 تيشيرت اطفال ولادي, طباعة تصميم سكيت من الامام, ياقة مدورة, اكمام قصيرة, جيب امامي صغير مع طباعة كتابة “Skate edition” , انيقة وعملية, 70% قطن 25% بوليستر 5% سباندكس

...

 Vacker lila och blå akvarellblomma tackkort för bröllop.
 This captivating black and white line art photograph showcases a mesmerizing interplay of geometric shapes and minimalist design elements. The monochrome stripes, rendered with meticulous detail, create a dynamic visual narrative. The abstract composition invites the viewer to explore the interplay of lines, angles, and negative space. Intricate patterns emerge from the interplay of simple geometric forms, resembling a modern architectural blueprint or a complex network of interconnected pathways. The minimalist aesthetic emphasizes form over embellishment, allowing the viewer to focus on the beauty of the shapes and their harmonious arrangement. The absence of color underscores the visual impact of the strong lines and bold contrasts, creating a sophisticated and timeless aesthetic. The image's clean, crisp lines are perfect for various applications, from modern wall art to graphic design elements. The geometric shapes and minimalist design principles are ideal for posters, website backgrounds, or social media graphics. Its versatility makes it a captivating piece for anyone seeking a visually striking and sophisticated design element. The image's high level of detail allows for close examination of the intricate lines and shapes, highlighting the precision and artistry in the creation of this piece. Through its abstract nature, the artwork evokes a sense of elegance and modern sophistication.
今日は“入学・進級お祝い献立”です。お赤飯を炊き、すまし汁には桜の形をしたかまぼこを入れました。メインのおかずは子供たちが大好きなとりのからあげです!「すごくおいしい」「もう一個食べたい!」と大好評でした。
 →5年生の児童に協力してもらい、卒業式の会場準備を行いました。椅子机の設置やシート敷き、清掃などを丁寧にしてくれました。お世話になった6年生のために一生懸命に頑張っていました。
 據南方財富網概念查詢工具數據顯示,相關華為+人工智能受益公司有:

--

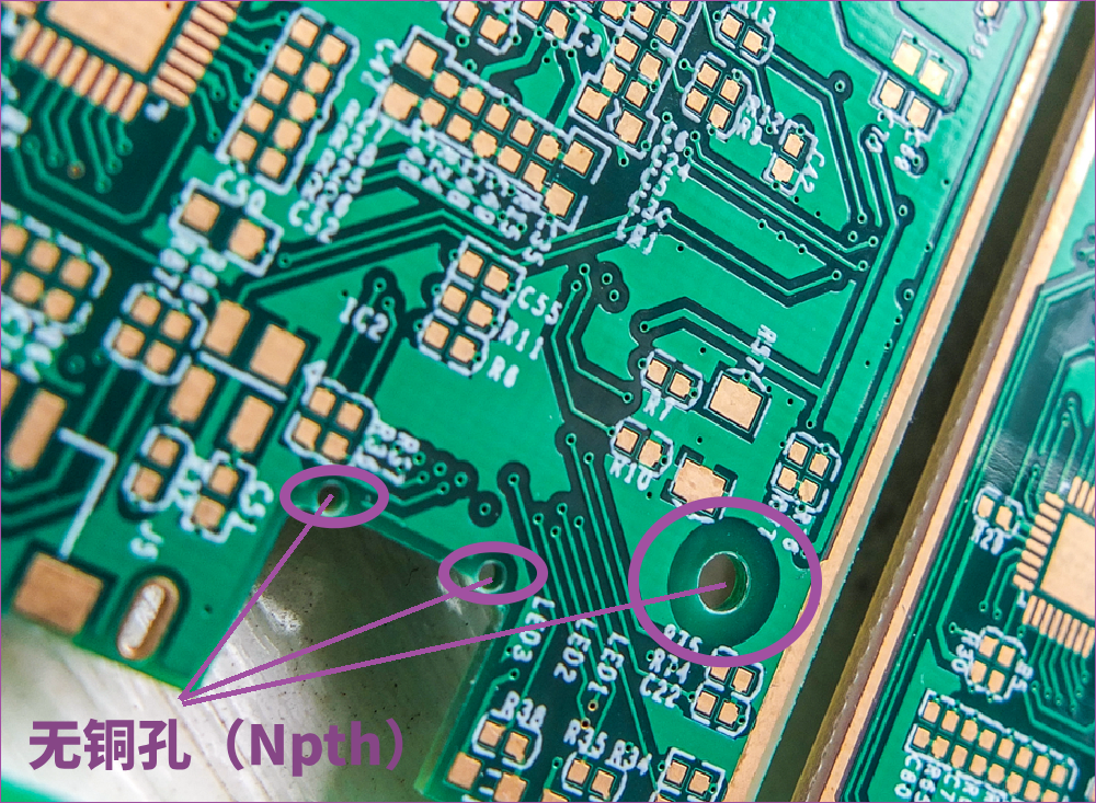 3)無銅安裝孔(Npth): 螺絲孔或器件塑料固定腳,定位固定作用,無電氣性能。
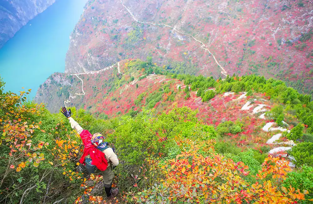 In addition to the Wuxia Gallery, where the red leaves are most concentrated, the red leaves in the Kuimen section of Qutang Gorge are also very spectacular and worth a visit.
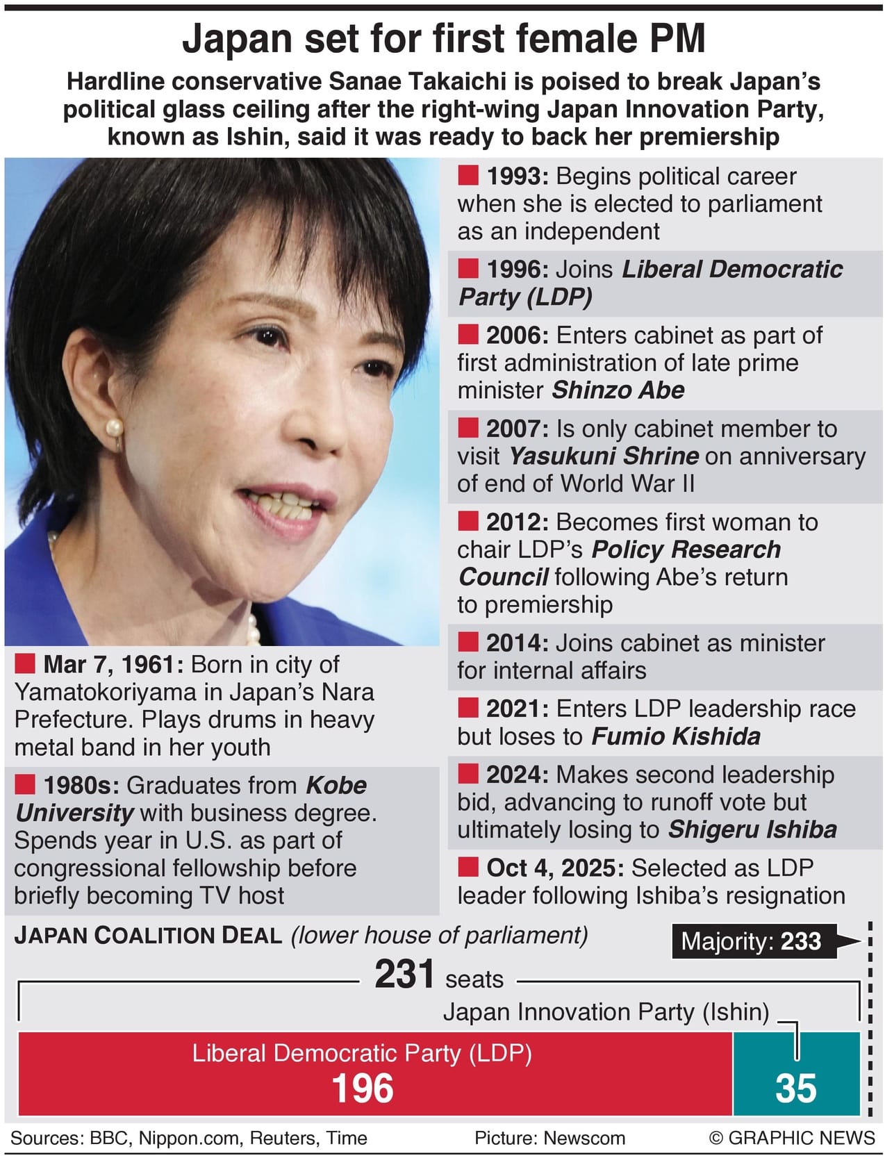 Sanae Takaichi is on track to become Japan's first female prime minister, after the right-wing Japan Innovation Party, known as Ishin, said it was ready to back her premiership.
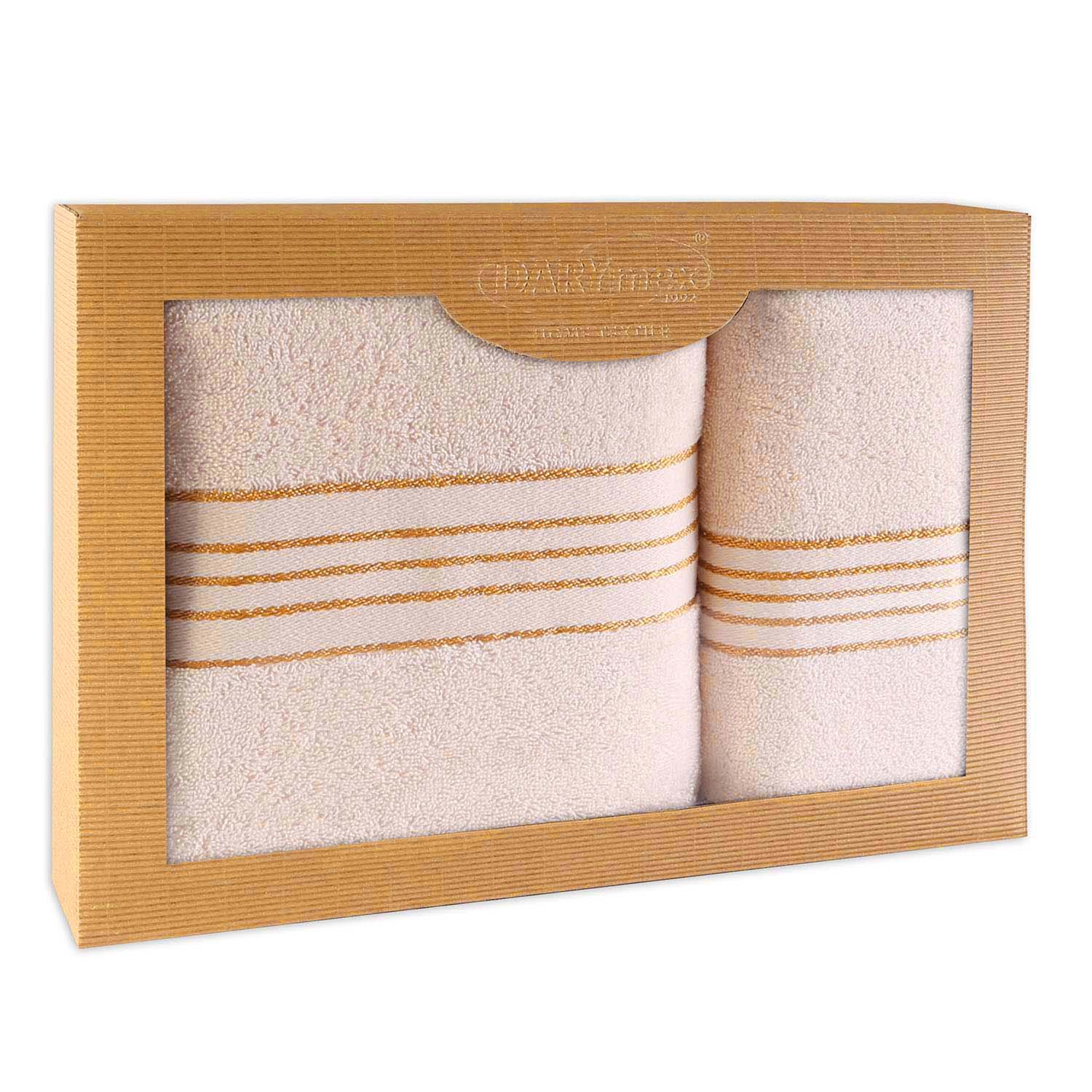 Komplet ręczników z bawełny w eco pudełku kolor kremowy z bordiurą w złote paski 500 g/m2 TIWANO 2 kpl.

- What you are asked to do -
What to print is the stretch of entries from the line with "3)無銅安裝孔(Npth): 螺絲孔或器" up to and including the line with "Komplet ręczników z". Please print it exactly and leave out the pictures.

- Result for this exercise -
 3)無銅安裝孔(Npth): 螺絲孔或器件塑料固定腳,定位固定作用,無電氣性能。
 In addition to the Wuxia Gallery, where the red leaves are most concentrated, the red leaves in the Kuimen section of Qutang Gorge are also very spectacular and worth a visit.
 Sanae Takaichi is on track to become Japan's first female prime minister, after the right-wing Japan Innovation Party, known as Ishin, said it was ready to back her premiership.
 Komplet ręczników z bawełny w eco pudełku kolor kremowy z bordiurą w złote paski 500 g/m2 TIWANO 2 kpl.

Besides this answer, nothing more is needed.